_ABOUT THIS TASK_: Under this line sits a listing. Repeat exactly and only its lines from the one holding "Find @ralphasimpson’s work" through the one holding "Sailing yacht Sun"; skip pictures.

_DATASET RECORDS_:
▼
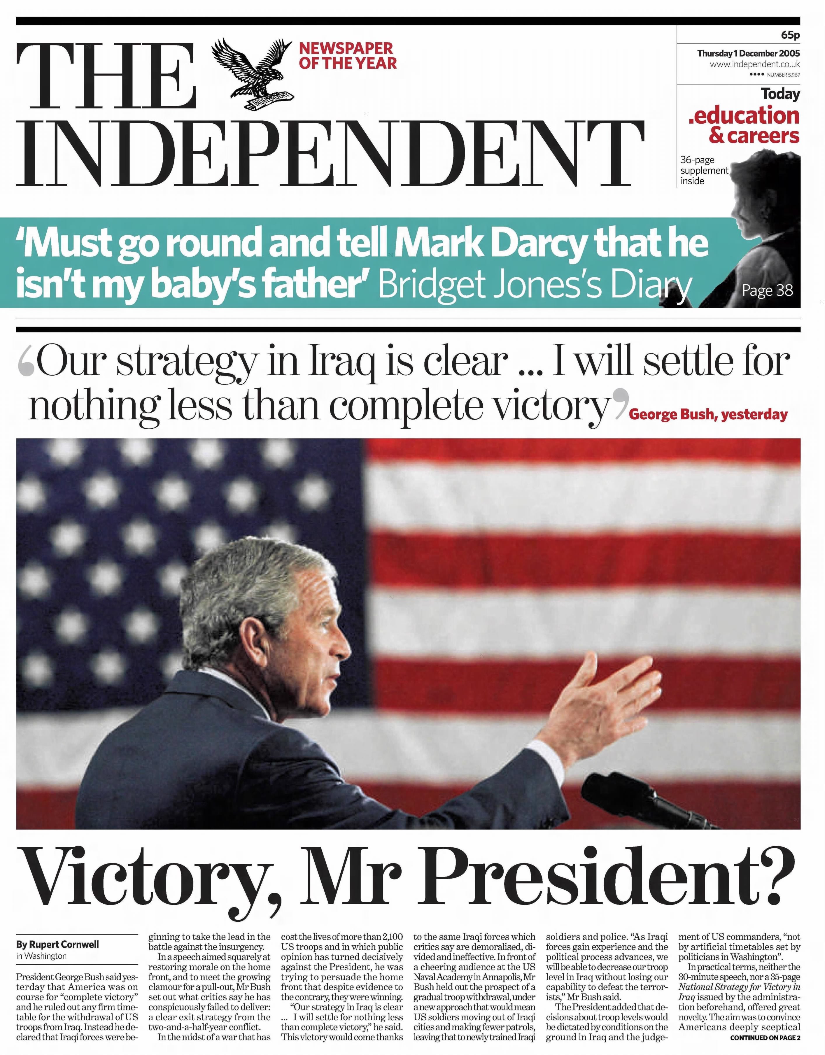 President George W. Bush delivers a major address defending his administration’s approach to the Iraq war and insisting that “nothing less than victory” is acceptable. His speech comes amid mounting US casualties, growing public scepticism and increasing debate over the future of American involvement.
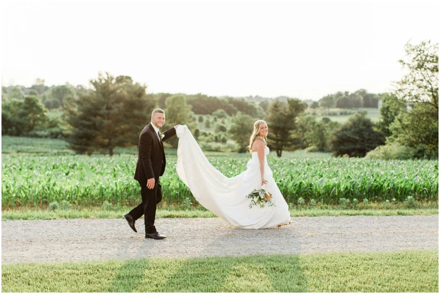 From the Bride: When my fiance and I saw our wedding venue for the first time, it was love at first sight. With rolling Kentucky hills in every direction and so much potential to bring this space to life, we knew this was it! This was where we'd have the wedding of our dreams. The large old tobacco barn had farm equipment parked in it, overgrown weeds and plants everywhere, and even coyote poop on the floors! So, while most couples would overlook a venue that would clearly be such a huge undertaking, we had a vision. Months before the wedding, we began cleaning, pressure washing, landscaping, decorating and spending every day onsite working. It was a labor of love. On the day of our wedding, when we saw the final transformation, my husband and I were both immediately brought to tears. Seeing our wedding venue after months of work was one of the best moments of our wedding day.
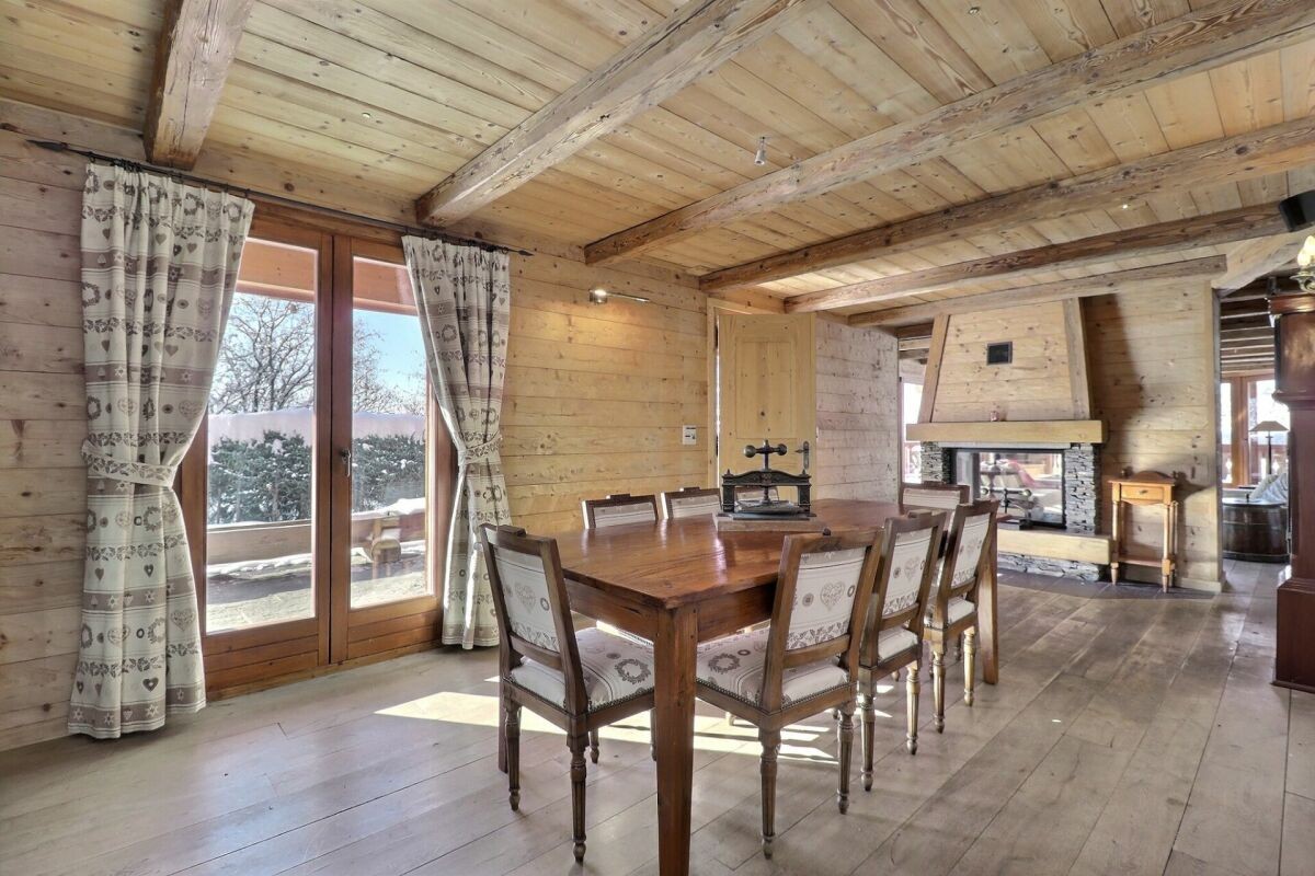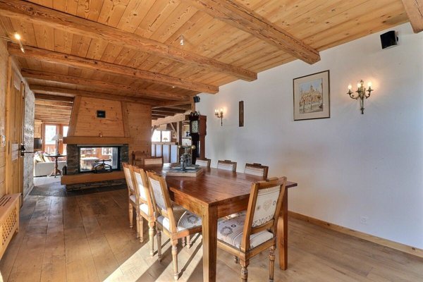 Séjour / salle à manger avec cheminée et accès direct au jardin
▲
▼
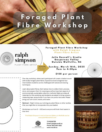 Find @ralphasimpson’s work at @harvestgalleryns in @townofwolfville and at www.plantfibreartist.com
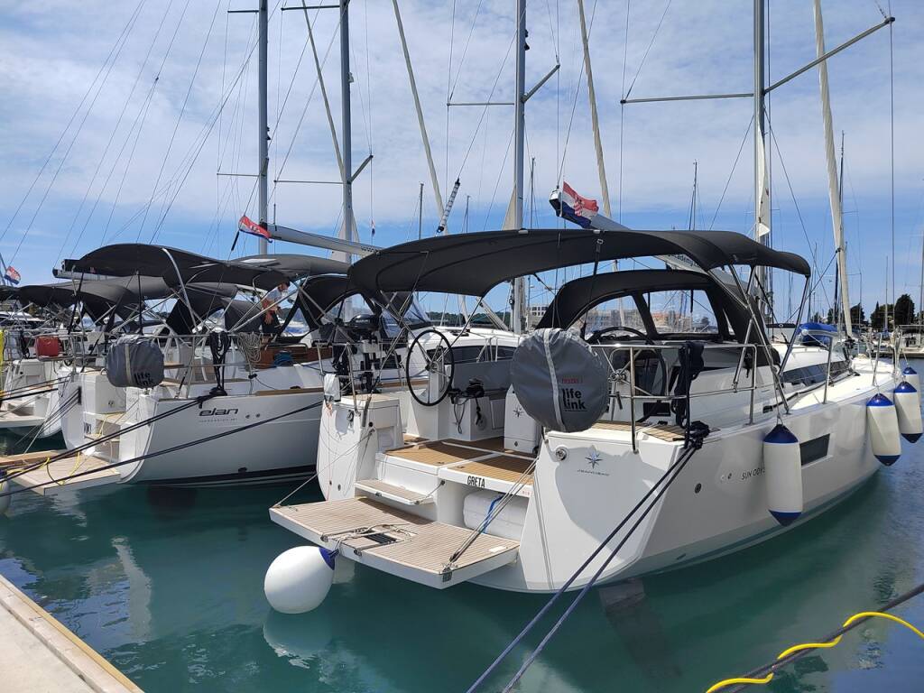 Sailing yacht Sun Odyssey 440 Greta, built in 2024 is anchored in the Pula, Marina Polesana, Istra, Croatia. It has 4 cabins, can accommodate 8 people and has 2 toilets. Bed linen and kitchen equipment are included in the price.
▲
▼
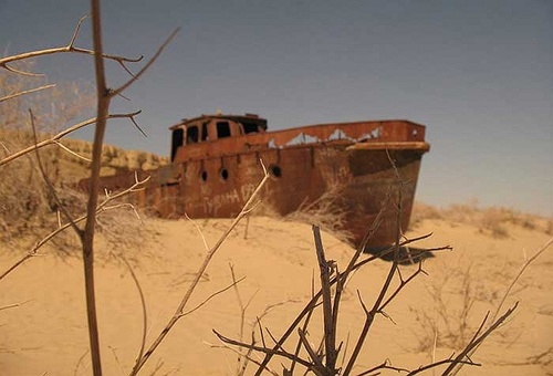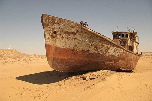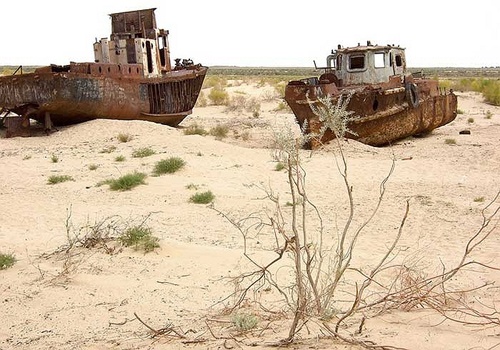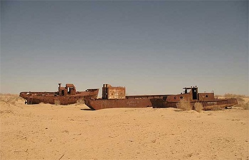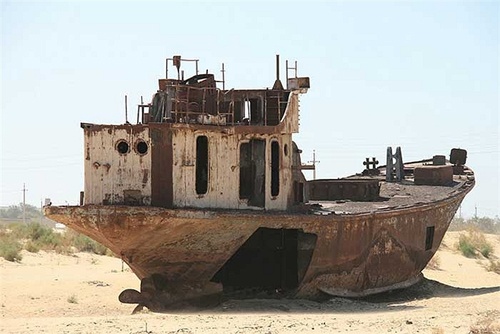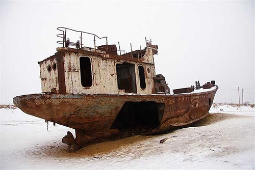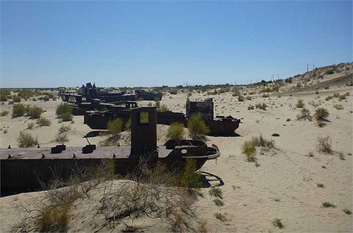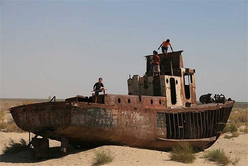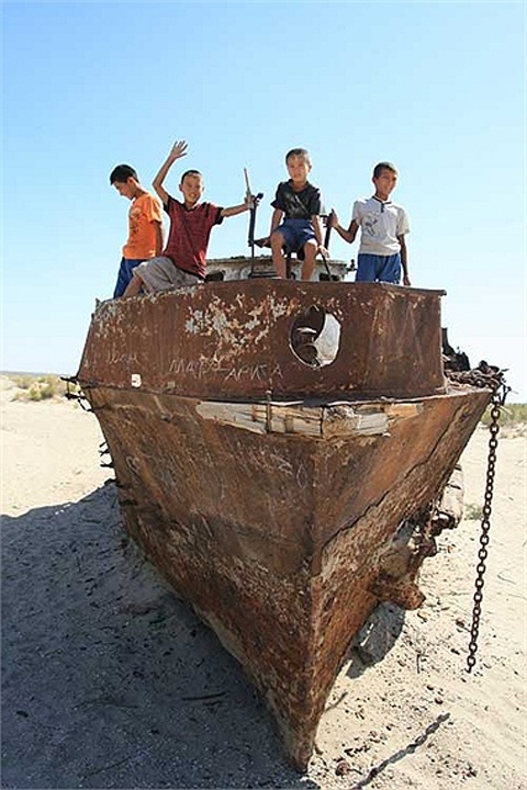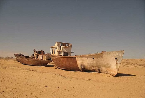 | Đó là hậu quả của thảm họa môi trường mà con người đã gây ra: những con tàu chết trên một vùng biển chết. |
▲
_PROBLEM SOLUTION_:
 Find @ralphasimpson’s work at @harvestgalleryns in @townofwolfville and at www.plantfibreartist.com
 Sailing yacht Sun Odyssey 440 Greta, built in 2024 is anchored in the Pula, Marina Polesana, Istra, Croatia. It has 4 cabins, can accommodate 8 people and has 2 toilets. Bed linen and kitchen equipment are included in the price.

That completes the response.